WHAT IS EXPECTED: From the entries that follow, copy exactly the lines beginning at the line holding "Накидал схемку подключения, гляньте" and continuing through the line holding "마을 골목이 파스텔톤으로 색칠되어 아기자기하다".

RECORDS SUPPLIED:
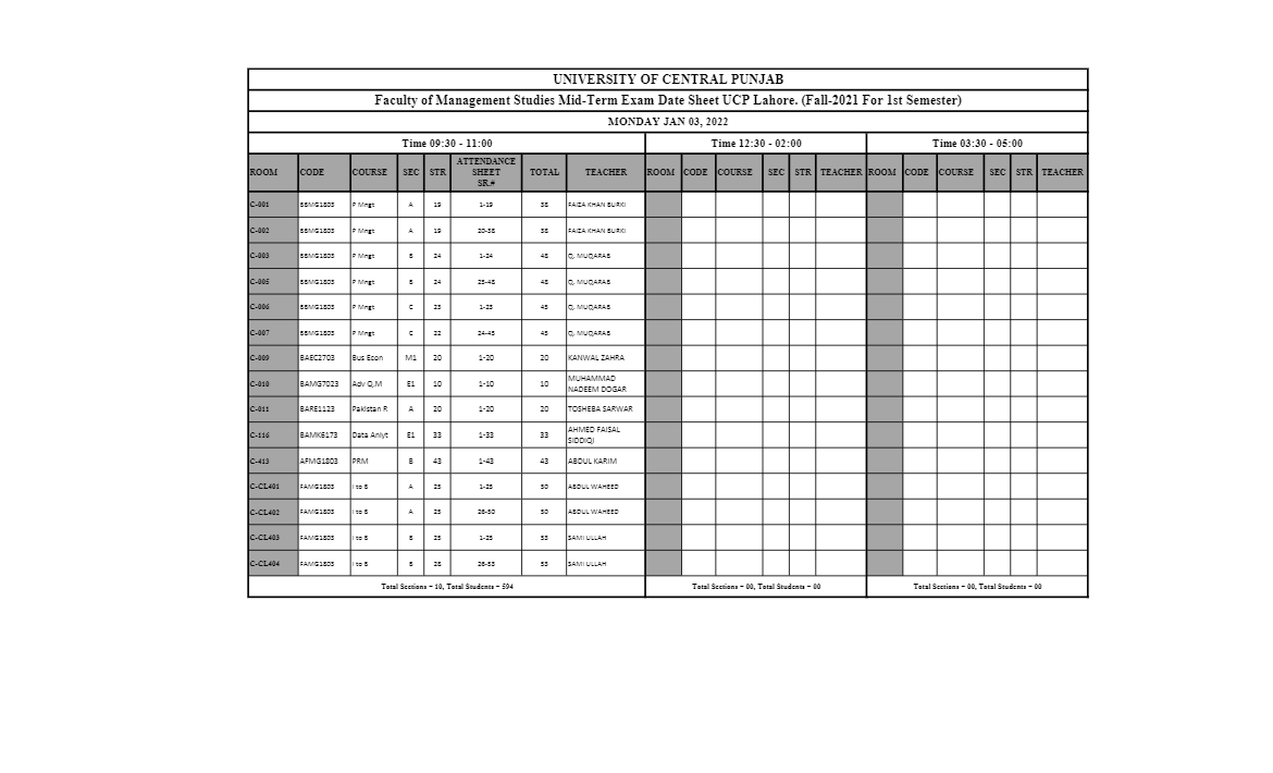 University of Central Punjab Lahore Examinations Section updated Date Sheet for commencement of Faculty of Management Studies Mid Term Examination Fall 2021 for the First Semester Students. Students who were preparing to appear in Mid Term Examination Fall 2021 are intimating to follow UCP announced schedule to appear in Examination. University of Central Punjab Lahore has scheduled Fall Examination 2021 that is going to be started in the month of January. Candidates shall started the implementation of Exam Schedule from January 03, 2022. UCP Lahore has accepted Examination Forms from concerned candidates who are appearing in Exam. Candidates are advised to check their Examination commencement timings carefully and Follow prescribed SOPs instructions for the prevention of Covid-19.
---
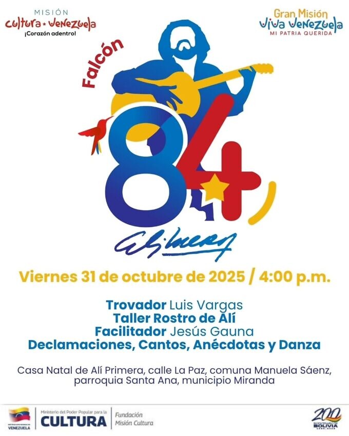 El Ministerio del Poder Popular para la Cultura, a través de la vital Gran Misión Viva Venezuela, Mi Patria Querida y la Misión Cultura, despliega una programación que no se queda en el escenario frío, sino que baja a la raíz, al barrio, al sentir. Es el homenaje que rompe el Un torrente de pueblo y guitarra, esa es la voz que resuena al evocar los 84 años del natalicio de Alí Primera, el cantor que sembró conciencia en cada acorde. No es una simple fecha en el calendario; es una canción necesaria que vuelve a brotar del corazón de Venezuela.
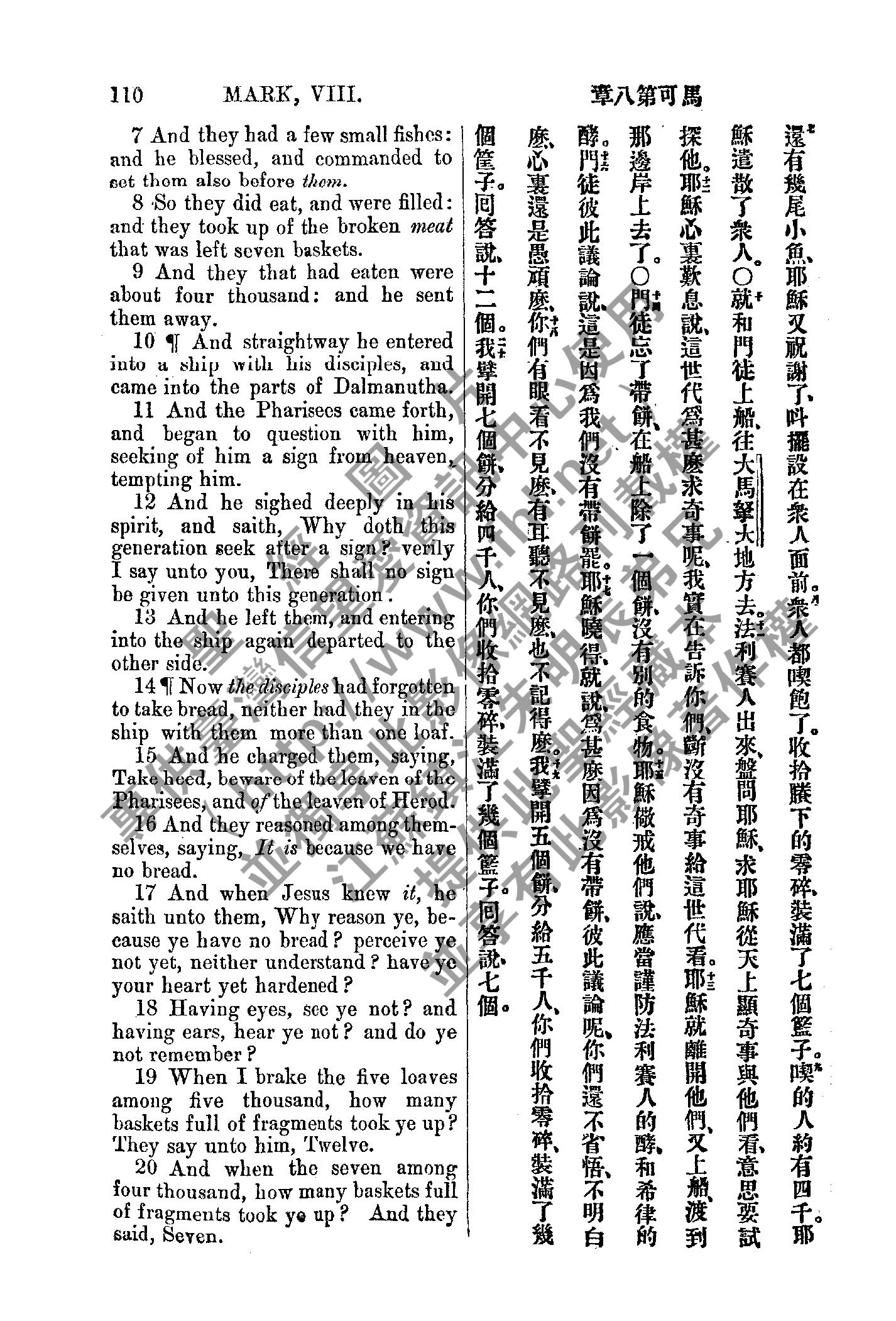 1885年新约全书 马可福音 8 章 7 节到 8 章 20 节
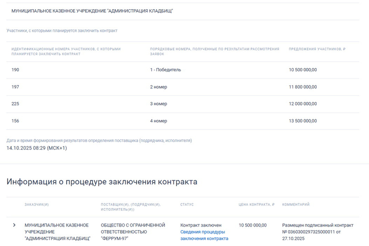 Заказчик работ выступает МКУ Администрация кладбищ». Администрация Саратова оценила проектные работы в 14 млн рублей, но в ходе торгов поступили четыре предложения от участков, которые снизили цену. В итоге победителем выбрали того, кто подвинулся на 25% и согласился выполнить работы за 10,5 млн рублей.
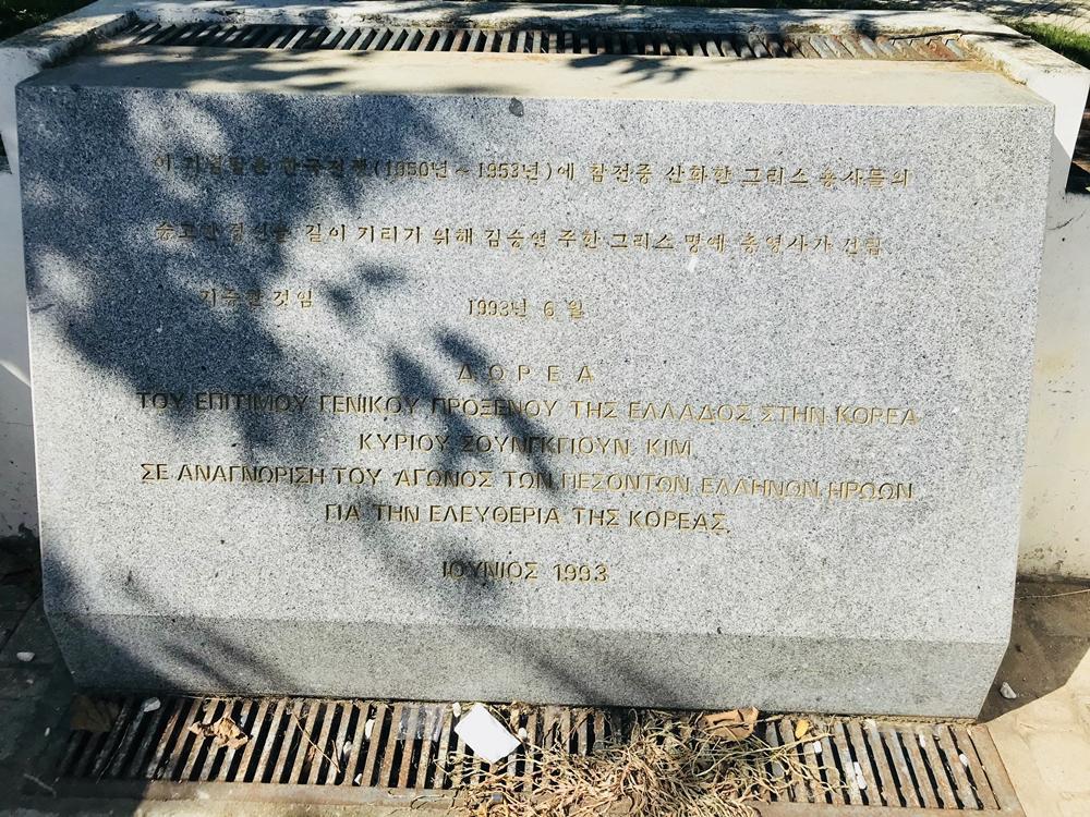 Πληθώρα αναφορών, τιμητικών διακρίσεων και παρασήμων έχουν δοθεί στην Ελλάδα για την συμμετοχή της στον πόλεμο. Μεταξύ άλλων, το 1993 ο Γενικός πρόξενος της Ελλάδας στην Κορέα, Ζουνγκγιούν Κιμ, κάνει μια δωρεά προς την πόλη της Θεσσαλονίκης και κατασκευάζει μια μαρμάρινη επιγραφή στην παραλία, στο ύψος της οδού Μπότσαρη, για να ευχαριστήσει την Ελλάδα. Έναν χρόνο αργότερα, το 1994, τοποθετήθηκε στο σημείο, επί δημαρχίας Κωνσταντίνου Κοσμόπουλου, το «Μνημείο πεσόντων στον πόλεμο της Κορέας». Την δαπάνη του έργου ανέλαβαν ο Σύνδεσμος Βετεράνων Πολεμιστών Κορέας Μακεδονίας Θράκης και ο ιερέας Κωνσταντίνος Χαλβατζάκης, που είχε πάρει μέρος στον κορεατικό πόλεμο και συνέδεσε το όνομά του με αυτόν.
...
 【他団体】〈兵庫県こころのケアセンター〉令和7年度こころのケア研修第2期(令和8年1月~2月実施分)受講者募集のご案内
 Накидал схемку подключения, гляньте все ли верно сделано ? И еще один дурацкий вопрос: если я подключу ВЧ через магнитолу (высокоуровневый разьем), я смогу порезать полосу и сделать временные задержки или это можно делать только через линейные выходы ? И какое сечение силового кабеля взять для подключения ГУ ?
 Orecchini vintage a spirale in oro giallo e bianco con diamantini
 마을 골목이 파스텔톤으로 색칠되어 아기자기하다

WRITTEN SOLUTION:
 Накидал схемку подключения, гляньте все ли верно сделано ? И еще один дурацкий вопрос: если я подключу ВЧ через магнитолу (высокоуровневый разьем), я смогу порезать полосу и сделать временные задержки или это можно делать только через линейные выходы ? И какое сечение силового кабеля взять для подключения ГУ ?
 Orecchini vintage a spirale in oro giallo e bianco con diamantini
 마을 골목이 파스텔톤으로 색칠되어 아기자기하다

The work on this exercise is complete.